UniSD: Towards a Unified Self-Distillation Framework for Large Language Models
Source: arXiv:2605.06597 · Published 2026-05-07 · By Yiqiao Jin, Yiyang Wang, Lucheng Fu, Yijia Xiao, Yinyi Luo, Haoxin Liu et al.
TL;DR
UniSD addresses a core tension in LLM post-training: how to improve a model using only its own outputs as supervision, without access to a stronger external teacher. The fundamental difficulty is that self-generated trajectories are open-ended, correctness is task-dependent, and plausible but wrong rationales can corrupt the training signal. Prior self-distillation methods (SDFT, GKD, SSD, OPSD) each tackle isolated aspects of this problem — on-policy sampling, distribution matching, or output filtering — but no prior work systematically studies which components matter, why, and how they interact. UniSD is proposed as a modular, extensible framework that unifies five complementary mechanisms under three axes: supervision reliability (multi-teacher agreement, token-level contrastive learning), representation alignment (feature matching), and training stability (EMA teacher, divergence clipping). Each mechanism targets a distinct failure mode of naive self-distillation.
The paper evaluates UniSD variants and a fully integrated pipeline (UniSD*) across six benchmarks — ScienceQA, GPQA, MBPP, HumanEval, CoS-E, ToolAlpaca — spanning science QA, commonsense reasoning, code generation, and tool use. Six models from three families (Qwen2.5 at 0.5B/1.5B/3B/7B, Llama-3.1-8B, Gemma-3-4B) are tested. The study goes beyond accuracy to also measure gold-completion perplexity fit and base-distribution retention (PPLret), revealing that SFT causes significant distributional drift while reliability-aware self-distillation preserves base model behavior.
UniSD* achieves a +5.4 point overall improvement over the raw Qwen2.5-7B base model and a +2.8 point improvement over the strongest baseline (GKD) with an overall score of 73.3 vs. 70.5. The paper's central empirical finding is that no single component dominates across all tasks: EMA and agreement provide the largest standalone gains, contrastive learning is the most uniformly positive, and divergence clipping acts as a lightweight stabilizer. The interaction study reveals that combining complementary mechanisms consistently outperforms any single mechanism in isolation.
Key findings
- UniSD* achieves an overall score of 73.3 on Qwen2.5-7B across six benchmarks, a +5.4 improvement over the raw model (67.9) and +2.8 over the strongest baseline GKD (70.5).
- EMA teacher is the strongest single component overall (72.5), with a +16.1 gain on ToolAlpaca (61.8 → 77.9) and +2.4 gains on both MBPP and HumanEval for Qwen2.5-7B.
- SFT causes measurable distributional drift: on Qwen2.5-7B, base-scored retention perplexity rises from 1.14 (raw) to 1.68 (SFT), while EMA reduces this to ~1.13, a 33.9% relative reduction vs. SFT.
- Token-level contrastive learning is the most consistently positive single component, improving all six benchmarks for Qwen2.5-7B, while other individual components show regressions on at least one benchmark.

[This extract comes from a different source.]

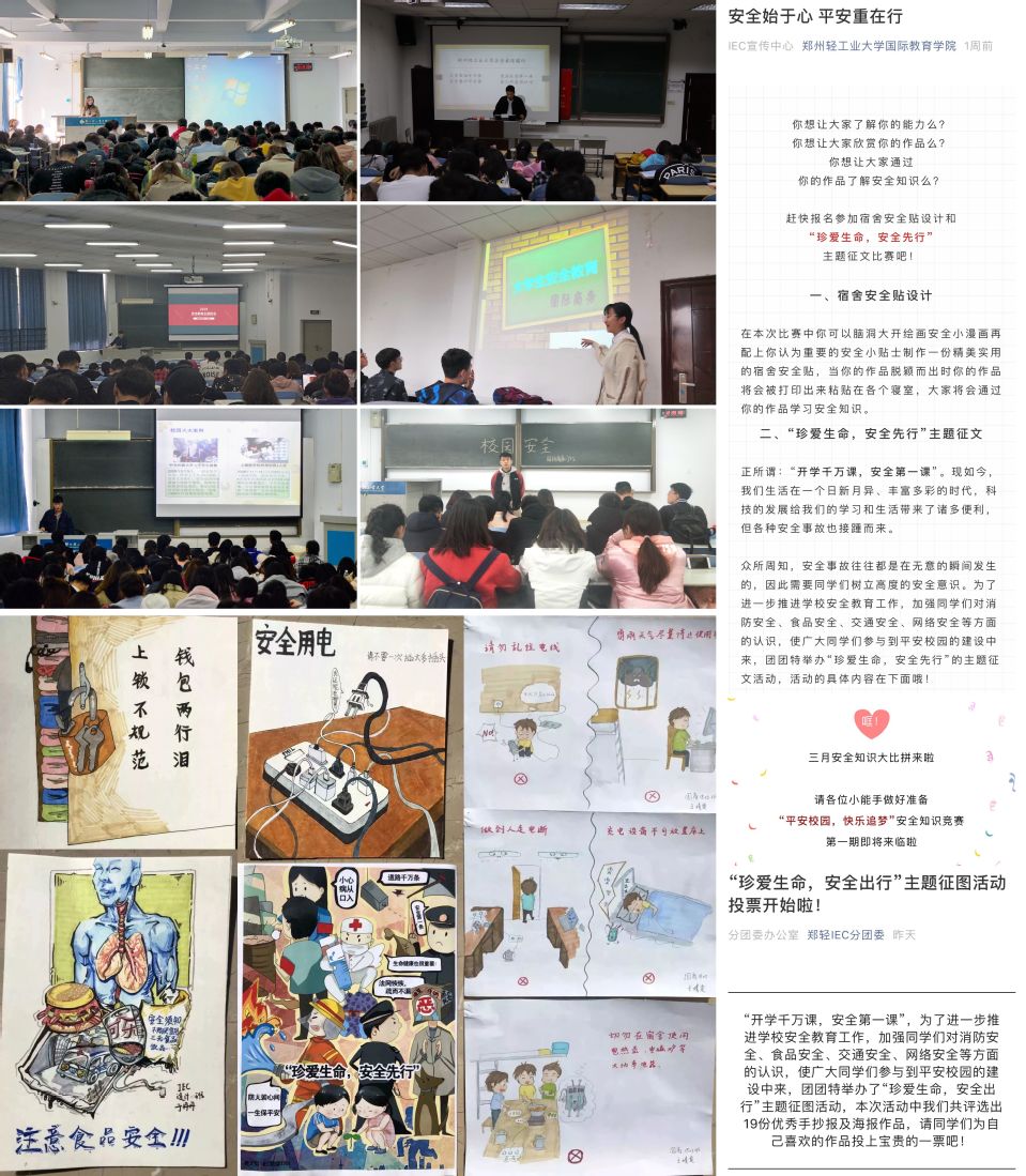 此次活动采取教育与宣传相结合、线上与线下相结合,多措并举扎实开展校园安全知识普及、提高校园安全意识。辅导员老师分年级、分专业召开安全教育主题班会,围绕交通安全、人身安全、消防安全、网络安全、校园借贷、非法传销、邪教防范等内容展开详细讲解,对于目前存在于国内高校的安全案例进行剖析,强调安全意识和安全行为的重要性;开展线上线下安全知识宣传,普及安全贴士,扩大覆盖面,切实帮助学生提高安全防范和自救能力;采取安全知识竞赛、安全教育主题征文、海报设计以及宿舍安全贴设计等多种形式,激发学生的主观能动性,在体验和参与的过程中不断提高安全意识,深化教育效果。

- Across 18 model-dataset pairs spanning three model families (Qwen2.5, Llama-3.1, Gemma-3), UniSD* improves over raw models in 15 settings, ties in 2, and regresses in only 1 OOD setting.
- UniSD* achieves largest scale-specific gain of +7.06 on Qwen2.5-3B on ScienceQA (Fig 3a), suggesting mid-scale models benefit most from reliability-aware self-distillation.
- UniSD* reduces mean token-level JSD to the base model from 0.054 (SFT) to 0.041, and UniSD* completions have lower JSD than SFT on 70.3% of examples; base model assigns higher log-probability to UniSD* completions on 60.6% of examples.
- More auxiliary teacher contexts does not monotonically improve agreement quality: performance peaks at K=3 (sequence-level, ScienceQA) or K=7 (token-level, ScienceQA) depending on granularity and task, and redundant contexts can dilute the reliability signal.
Threat model
n/a — This is an LLM training methodology paper, not a security paper. The implicit adversary is the noise and unreliability inherent in self-generated supervision signals: the model's own incorrect completions, overconfident predictions on rare tokens, and plausible-but-wrong rationales that can corrupt the training loop. The model is assumed to have no access to a stronger external teacher, and the goal is to improve task performance without that access. No external adversarial attacker, no model extraction threat, and no privacy threat are modeled.
Methodology — deep read
Threat model and assumptions (self-improvement setting, not adversarial security): The adversary in the learning-theoretic sense is the noise inherent in self-generated supervision. The model has no access to a stronger external teacher at any point. It is assumed the base model has already been instruction-tuned and produces plausible but imperfect completions. The student and teacher are the same model (or an EMA copy), and correctness signals come from task-specific evaluation (unit tests for code, answer matching for QA, format adherence for tool use) embedded in the data, not from an external oracle.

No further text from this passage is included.